But yes, take your point about water.
:):):) One of the three newton's law indirectly says that input energy (influenced by driver's foot) is proportional to the output energy (available directly on discs), so we cannot expect wonders. Input energy is the energy which is actually delivered by the driver's foot. So if you want more energy on discs you also must press with larger force onto the brake pedal. What I want to say is that "energy logic" is not correct one to discuss about the role of the surface area of the discs. the energy approach cannot reveal the role of disc surface.

The energy is defined as a force multiplied with distance of traveling or displacement. The later is not dependent on the disc's shape ... namely the distance is a distance which is made by a disc during braking manouver (rotational moving results in distance). So the only parameter which remains in equation for energy is the force. It is called friction force, and as i wrote, it is defined as a product between a normal force on the discs (i.e., force of pads onto discs) and coefficient of friction between the pads and disc. coefficient of friction is a constant, and the normal force depends on the driver's activity of course. i think you mix force and pressure. indeed at smaller disc (or drilled disc) the pressure of pads onto disc is larger in comparsion to a larger disc (or non-drilled disc) but this has nothing to do with a force or braking performance.

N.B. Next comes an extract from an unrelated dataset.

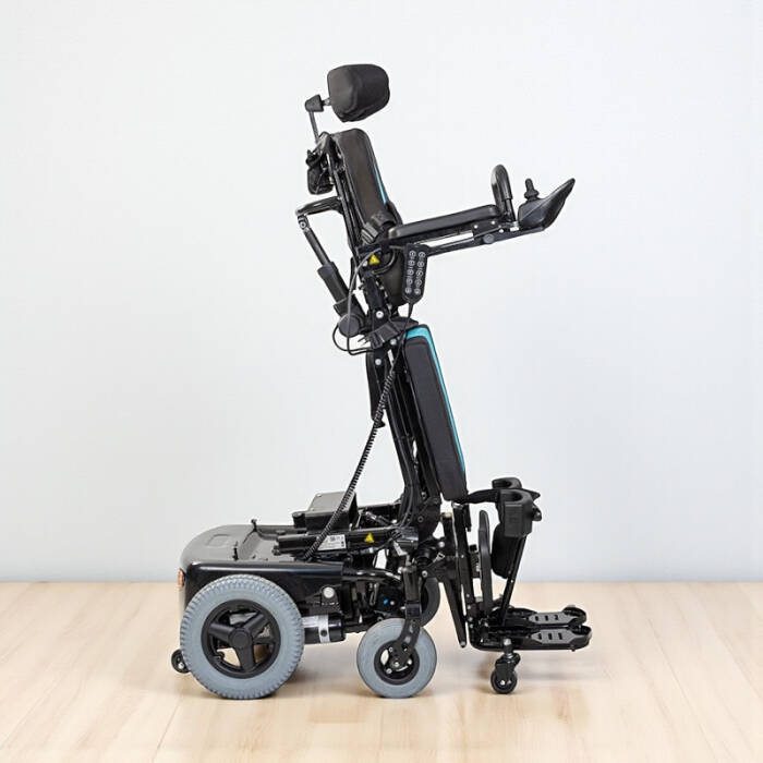 Sırt yatabilen, ayakları yukarı kalkabilen ve kullanıcıyı dik konumlandırabilen ayağa kaldıran akülü tekerlekli sandalye, joystick ile hareket ettirilen son teknoloji medikal bir cihazdır. Hasta, yaşlı ve yürüme engelli bireyler pratik bir şekilde ayağa kalkmakta ve yüksekte olup erişemediği nesnelere kolay bir şekilde erişerek ihtiyacını kimseye ihtiyaç duymadan gidermektedir. Joystick ve uzaktan kumanda ile kullanılan ürünümüz, kademeli olarak kullanıcıyı ayağa kaldıran ve istenen noktada durdurularak sabitlenen sınıfının en kaliteli akülü tekerlekli sandalye modelidir.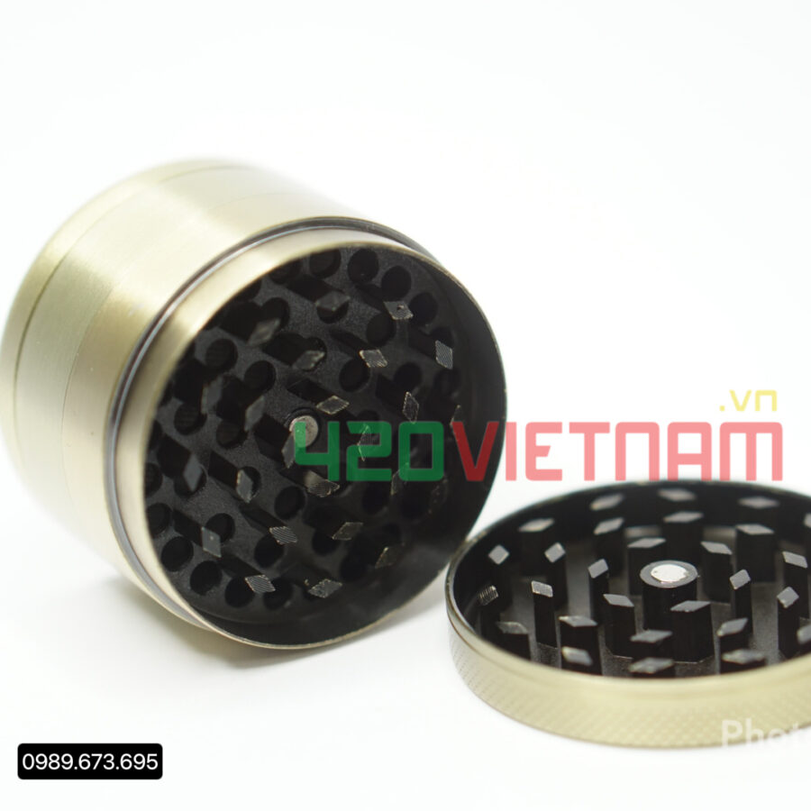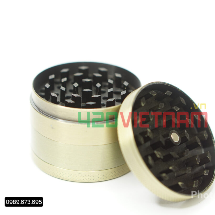 Cối Xay Leaf Gold Grinders có 4 mảnh và 3 tầng, có răng hình kim cương để xay mịn và có ngăn cất giữ khi còn thừa thảo dược, đặc biệt nhỏ gọn có thể bỏ trong túi và luôn có sẵn hàng tại 420vietnam.

Of course there is one big disadvantage of smaller disc area: the result is relatively large pad wear, because the pressure between the pads and the disc is larger in case of smaller disc area ... and due to this fact the pad (and disc) wear is relatively large. Pressure = force/surface. At a constant force (driver's foot) smaller surface gives higher pressure. Simpe as a bean :)

So, your example is not correct. In both cases (1 sq foot or 1 sq mile) the created or spent energy will be the same. because energy is never correlated with the surface of acting, it is related only to the acting force and displacement of the objects.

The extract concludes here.